AIM OF THE TASK: What is needed is an exact copy of the lines in the entries below from the one holding "СК возбудил дело" through the one holding "lightweight and pleasant", pictures excluded.

(Beginning of DATA EXTRACT)

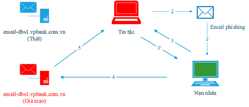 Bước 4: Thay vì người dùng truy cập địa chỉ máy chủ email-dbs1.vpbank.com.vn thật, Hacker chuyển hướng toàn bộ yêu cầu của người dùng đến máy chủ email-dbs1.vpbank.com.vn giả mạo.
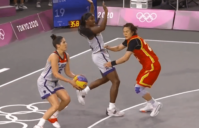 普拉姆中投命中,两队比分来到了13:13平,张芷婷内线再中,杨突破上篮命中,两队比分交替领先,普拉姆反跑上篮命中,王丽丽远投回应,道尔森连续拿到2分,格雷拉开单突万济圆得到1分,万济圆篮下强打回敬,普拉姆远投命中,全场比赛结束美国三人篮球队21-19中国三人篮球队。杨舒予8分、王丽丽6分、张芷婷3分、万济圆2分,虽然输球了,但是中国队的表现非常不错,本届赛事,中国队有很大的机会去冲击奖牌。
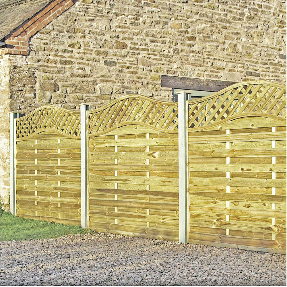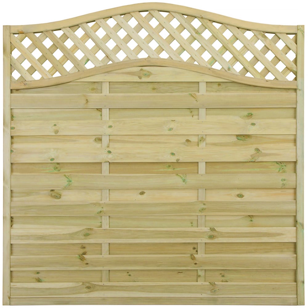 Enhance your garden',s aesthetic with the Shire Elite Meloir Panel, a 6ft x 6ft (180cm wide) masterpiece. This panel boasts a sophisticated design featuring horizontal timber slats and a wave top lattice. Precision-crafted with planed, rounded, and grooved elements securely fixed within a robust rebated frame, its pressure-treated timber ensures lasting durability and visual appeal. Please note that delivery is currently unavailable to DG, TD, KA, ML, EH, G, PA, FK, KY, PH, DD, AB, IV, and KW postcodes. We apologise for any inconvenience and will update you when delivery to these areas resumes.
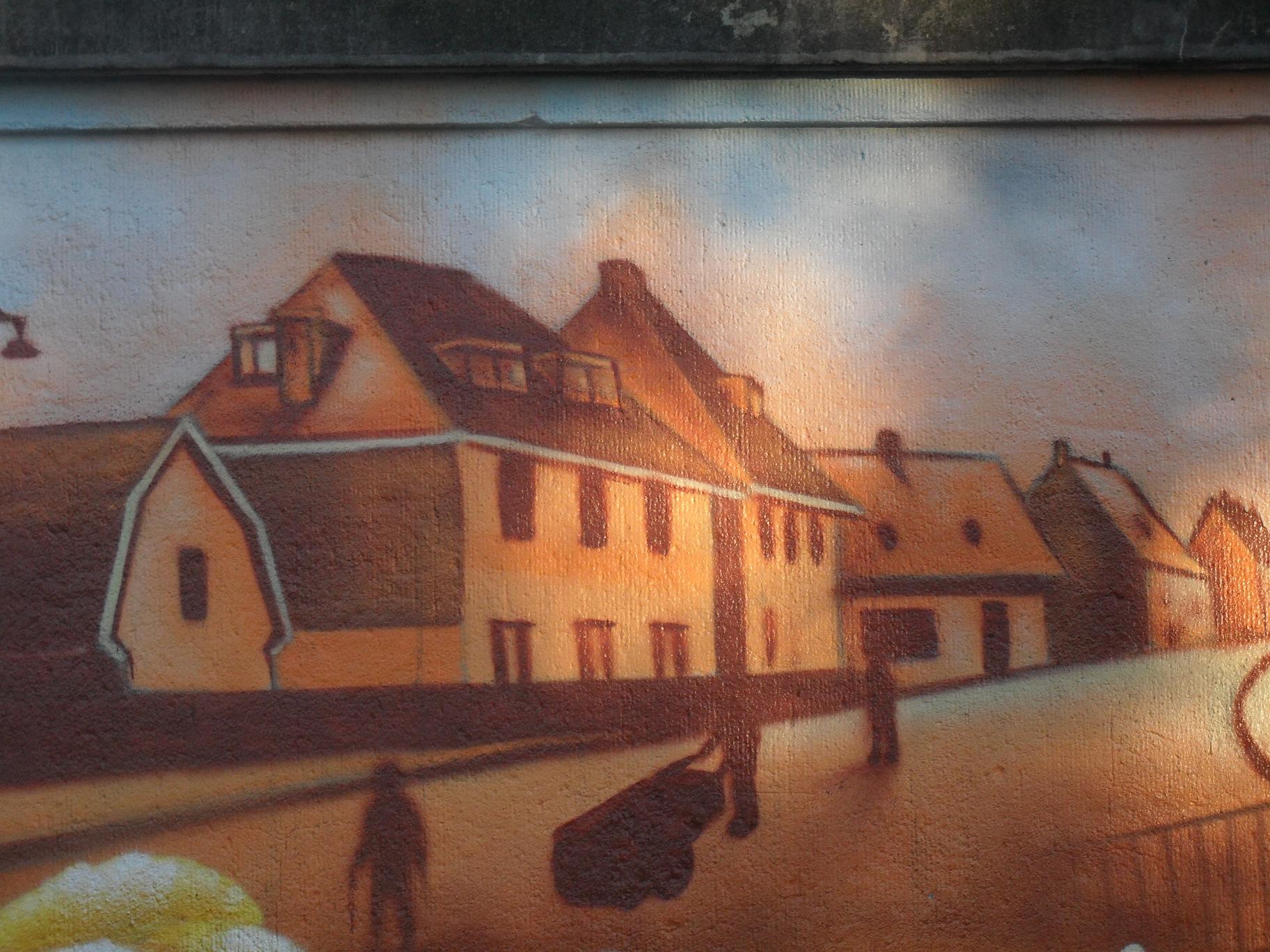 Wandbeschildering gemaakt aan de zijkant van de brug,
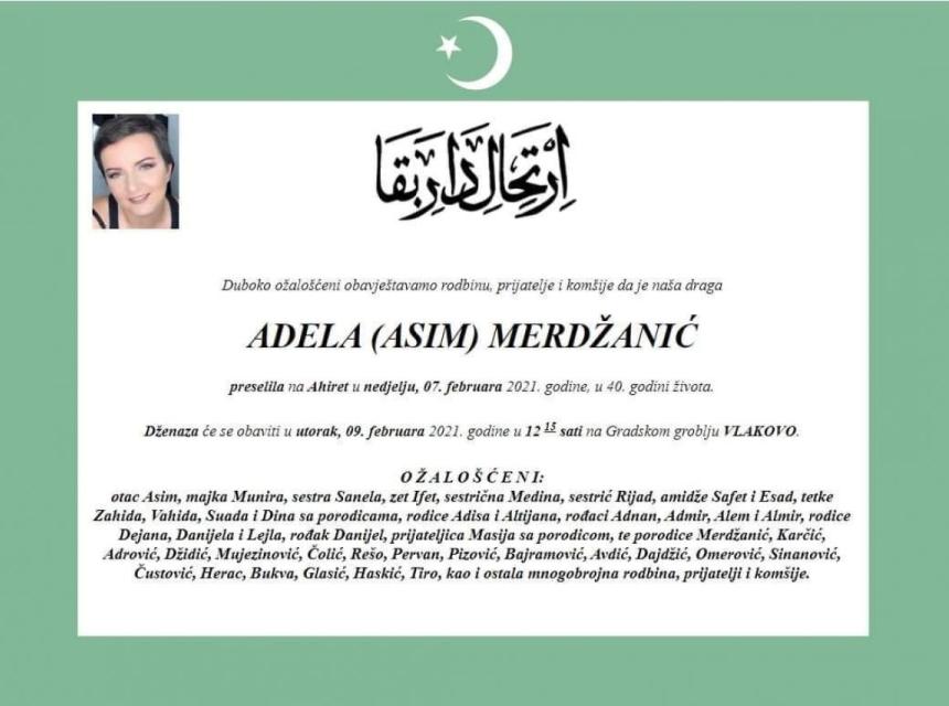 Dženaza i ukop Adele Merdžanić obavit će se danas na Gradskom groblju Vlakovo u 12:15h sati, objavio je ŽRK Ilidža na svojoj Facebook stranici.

(End of DATA EXTRACT)
(Beginning of DATA EXTRACT)

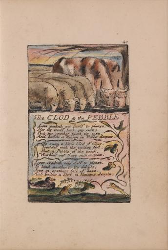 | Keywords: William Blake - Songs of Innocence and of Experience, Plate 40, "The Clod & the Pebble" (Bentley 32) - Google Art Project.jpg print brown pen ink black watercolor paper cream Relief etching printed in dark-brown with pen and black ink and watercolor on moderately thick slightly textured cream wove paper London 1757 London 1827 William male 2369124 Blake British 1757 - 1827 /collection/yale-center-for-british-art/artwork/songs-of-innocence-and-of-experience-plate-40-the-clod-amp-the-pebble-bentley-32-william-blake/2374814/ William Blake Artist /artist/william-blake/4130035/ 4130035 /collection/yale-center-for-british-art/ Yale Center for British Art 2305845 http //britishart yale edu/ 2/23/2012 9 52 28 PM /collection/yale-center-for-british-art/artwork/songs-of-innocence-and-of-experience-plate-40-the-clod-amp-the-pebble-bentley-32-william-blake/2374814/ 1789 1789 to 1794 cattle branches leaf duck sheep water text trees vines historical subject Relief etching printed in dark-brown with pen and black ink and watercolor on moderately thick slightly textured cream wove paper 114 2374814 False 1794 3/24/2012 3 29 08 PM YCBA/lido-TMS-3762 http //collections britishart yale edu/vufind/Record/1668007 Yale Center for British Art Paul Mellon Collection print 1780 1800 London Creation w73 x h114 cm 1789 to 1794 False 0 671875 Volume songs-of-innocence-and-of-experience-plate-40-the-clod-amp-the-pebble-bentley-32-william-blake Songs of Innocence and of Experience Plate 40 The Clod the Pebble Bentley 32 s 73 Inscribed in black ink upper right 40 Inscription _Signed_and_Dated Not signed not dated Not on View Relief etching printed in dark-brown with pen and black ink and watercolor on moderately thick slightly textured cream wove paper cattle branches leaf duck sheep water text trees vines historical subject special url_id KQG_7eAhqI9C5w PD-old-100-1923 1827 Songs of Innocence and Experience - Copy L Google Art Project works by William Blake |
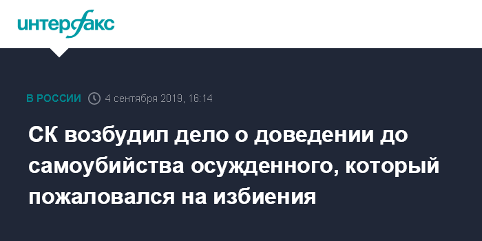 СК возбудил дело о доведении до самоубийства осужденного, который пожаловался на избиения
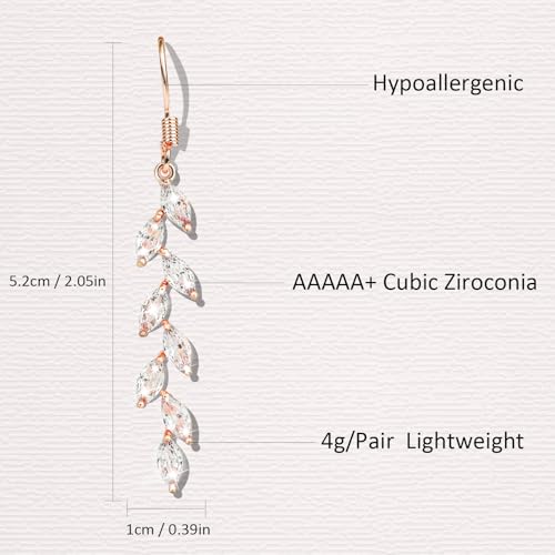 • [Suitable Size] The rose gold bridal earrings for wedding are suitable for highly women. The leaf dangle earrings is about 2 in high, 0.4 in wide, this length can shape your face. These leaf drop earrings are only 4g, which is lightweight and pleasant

(End of DATA EXTRACT)

RESPONSE FOR THIS EXERCISE:
 СК возбудил дело о доведении до самоубийства осужденного, который пожаловался на избиения
 • [Suitable Size] The rose gold bridal earrings for wedding are suitable for highly women. The leaf dangle earrings is about 2 in high, 0.4 in wide, this length can shape your face. These leaf drop earrings are only 4g, which is lightweight and pleasant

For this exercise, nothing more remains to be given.